Year of Focus

On a 2026 theme.

Year of Focus

Why should outside forces be able to direct my consciousness so easily?

Around the time of my birth (the mid-90s) it was not a social expectation that responses (reactions?) be immediate. Snail mail was still common and instant messaging platforms were very new. I still have a vague memory of being able to set my AIM status as “Away”, unreachable at this time, a third state between being “online and available” and “totally offline”.

That third state, “Away”, is no longer an option, either on the apps we use or as a general social expectation. All online chats are now treated like email (I’ll get to it when I get to it) but also sometimes not (those lucky few moments when stars and schedules align where you actually get to have a semi-real time conversation with someone via direct message) and it’s never quite clear when which applies. Even on what is ostensibly a “vacation” (I’m a faculty on a 9-month appointment, so most of January and the summer months are non-working hours), I am coaxed into replying to urgent emails, writing recommendation letters, and just generally being able to process things my brain is trying to separate from.

Work is by far the most common thing that pulls me from my Designated Relaxation Time—it’s impossible to truly detach from the goings on of academia, especially now that every political pundit thinks they know anything about how my job works and that the subject of Generative AI now creeps into nearly every daily conversation with loved ones—but it’s by no means the only thing. Algorithmic media, which can no longer realistically be called “social” media as no platform has worked on a social graph model for at least a decade at this point, is still psychologically associated as an “escape” in my mind every though for every 3 silly memes I’m served at least 1 post about the latest shooting, invasion, or active threat against the lives of my trans community members.

It’s exhausting.

In the tradition of CGP Grey, who suggests picking “themes” for years instead of resolutions, my 2026 theme is going to be “FOCUS”. Here’s what that means to me, written from myself to myself…
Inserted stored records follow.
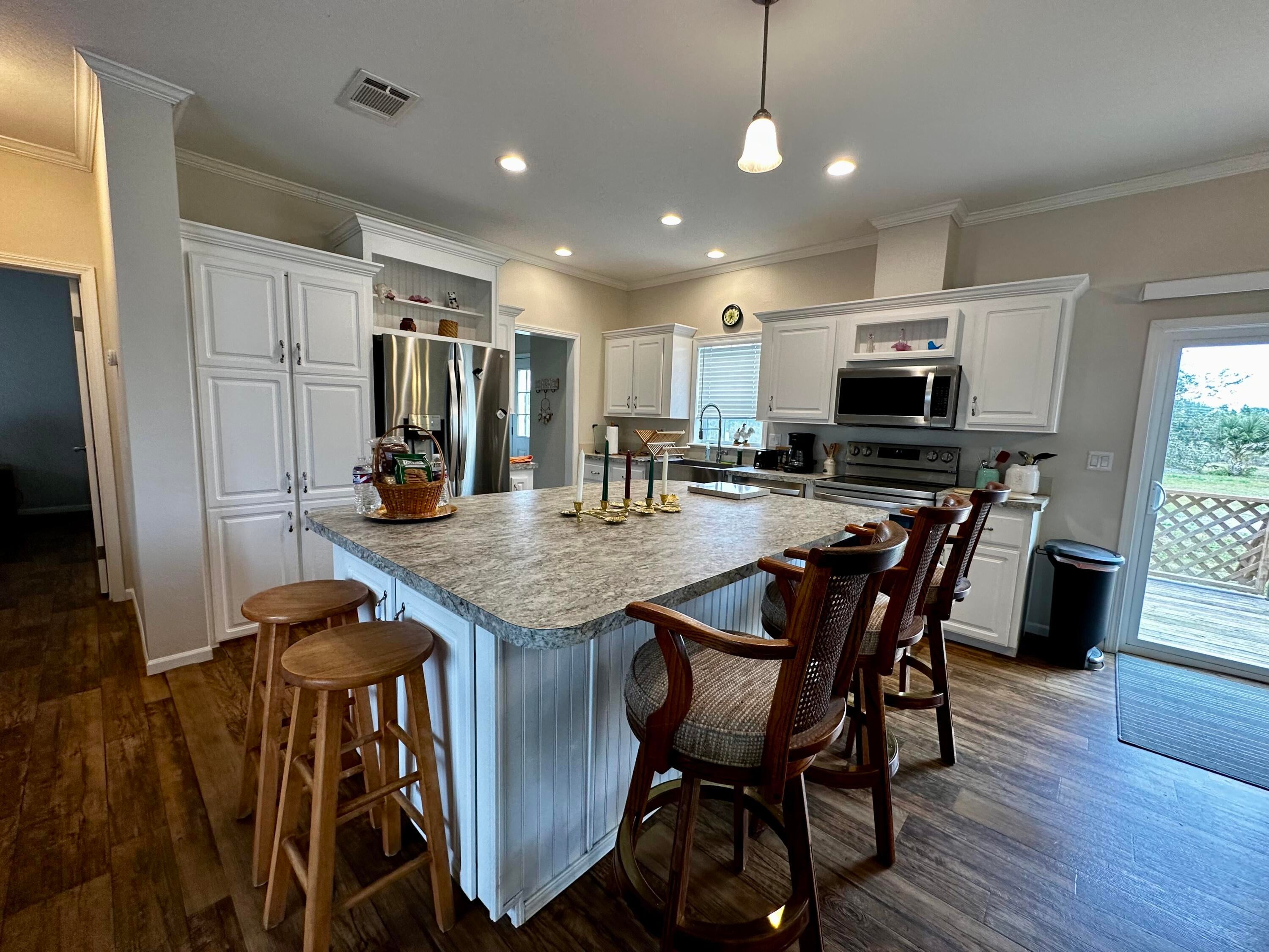 This stunning 3 bedroom and 2 bathroom home is situated on 1.25 acres of tranquil old Florida land that is fully fenced. This almost new manufactured home was completed in July of 2022. A 32'x12' new detached shed is also included. An open kitchen and living space provides the perfect atmosphere for entertaining with stainless steel appliances, walk-in pantry and large kitchen island. Luxury vinyl throughout and each bedroom has its own walking closet. This split floor plan comes fully furnished. The construction of this home was completed with solid tie downs and upgraded energy efficiency windows.This home comes with its own water treatment system. It is a jewel in the heart of Florida.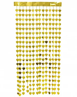Красивая декорация в виде шторы из дождика с сердечками золотого цвета. Шторка занавес из дождика сердечки отлично украсит дверной проем, стену или ее можно использовать как фотозону для любой вечеринки!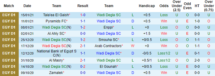 + Thống kê 10 trận gần nhất của Wadi Degla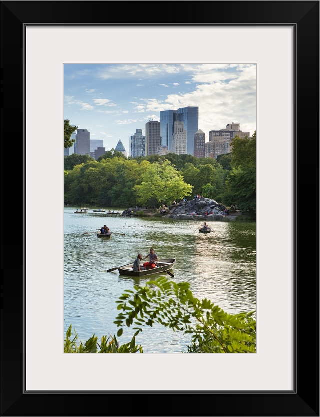 <p>USA, New York City, Manhattan, Central Park, Boats on the lake with Manhattan buildings in the background.</p>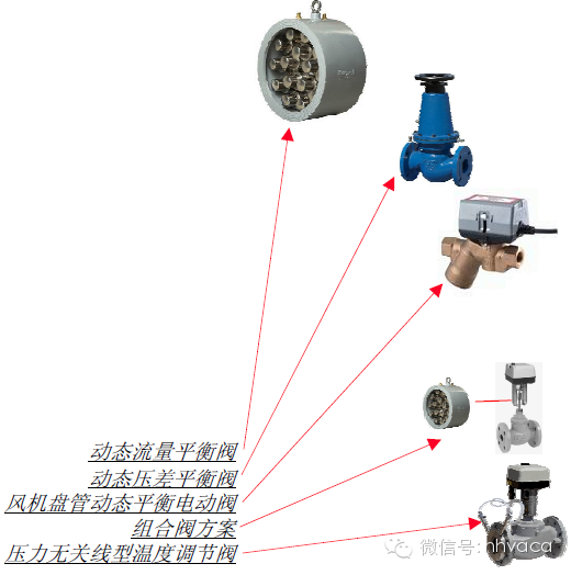 动态平衡电动二通阀:风机盘管供水管组合阀(电动调节阀+动态流量平衡阀):空调箱、空气处理机组、新风机组等处。

  1. Write Explicit Career Goals: Now that you have some semblance of job security, figure out where you want to go from here. Where do you actually want to be in five years? (This question has been very difficult for me to answer previously due to trauma-related reasons.)
  2. Improve How You Spend Your Free Time: Lay out everything you do on a daily, weekly, monthly basis and identify which of your life goals it contributes to. A friend recently told me that all hobbies should fulfill at least one of five categories: artistic, intellectual, social, athletic, and civic. How are you meeting each of these on a regular basis?
  3. Read More Books: Less scrolling, more deep reading. Long form media of all kinds, but especially paper books. Even audiobooks are too easy to doze off during.
  4. Focus on One Thing: You spend too much time playing a video game while listening to a podcast, or cooking while watching a YouTube video. This divided attention is not helping you experience either piece of art as it was meant to be experienced (a sin worse than murder) and you are not fully absorbing the meaning of either, you’re just distracting yourself.
  5. Interrogate Your Infomania: Your desire to be constantly consuming things, especially up-to-date news, should probably be investigated. What are you running from? Being alone with your own thoughts? Are you seeking a sense of control over the chaos of modern life when you should be letting go of the illusion of control?
  6. Get Hyperlocal: Instead of being pressed about the state of things all over the world, learn more about your local community and what its specific problems/needs are. You recently attended a monthly brunch of people who live on your street and nearby streets; it was revelatory. More of this!
  7. For Real Though, Reduce Your Social Media Use: It doesn’t serve you and in fact makes you feel really bad. Get yourself (and more of your friends) on encrypted, non-algorithmic messaging apps like Signal and mesh networks.
  8. Prepare For The Worst, but No Doomerism: Leftists love to speak with urgency about how any month now, any day now, the empire will come crumbling down and life as we know it will change forever. All financial institutions will collapse, we’ll all have to forage for berries, etc. This is mentally destabilizing and probably wrong. Keep saving money and contributing to a retirement fund as you’ve been doing. Prepare for a terrible apocalypse (“go bags”, supplies, tools, etc.), but don’t spend every day freaking out about it.

At the start of the year, I made vision boards with my partner. With the news continuing to suck, I thought about how important it will be to maintain my sense of stability in a destabilizing world. The Year of Focus is fundamentally about staying joyous and grounded through material actions that help myself and my community. I think it came through in the final product…

My 2026 vision board.

Many are forecasting, as I have, that analog media consumption will hit the mainstream this year: iPods and other MP3 players, DVDs/Blu-Rays, Nintendo 3DS systems, even physical alarm clocks will hit the mainstream as people perform “digital detoxes”. Cringe as this may be to some, god, I hope so. May we all reclaim our attention spans in 2026!!


Currently Reading

Watch History

Bops, Vibes, & Jams

  • Bruno Mars dropped the first single of his forthcoming album, The Romantic, his first solo project in ten years. I enjoyed it but am eagerly awaiting what else is in store!

Note of the Week

And now, your weekly Koko.

Koko the cat, laying on a pillow on my lap.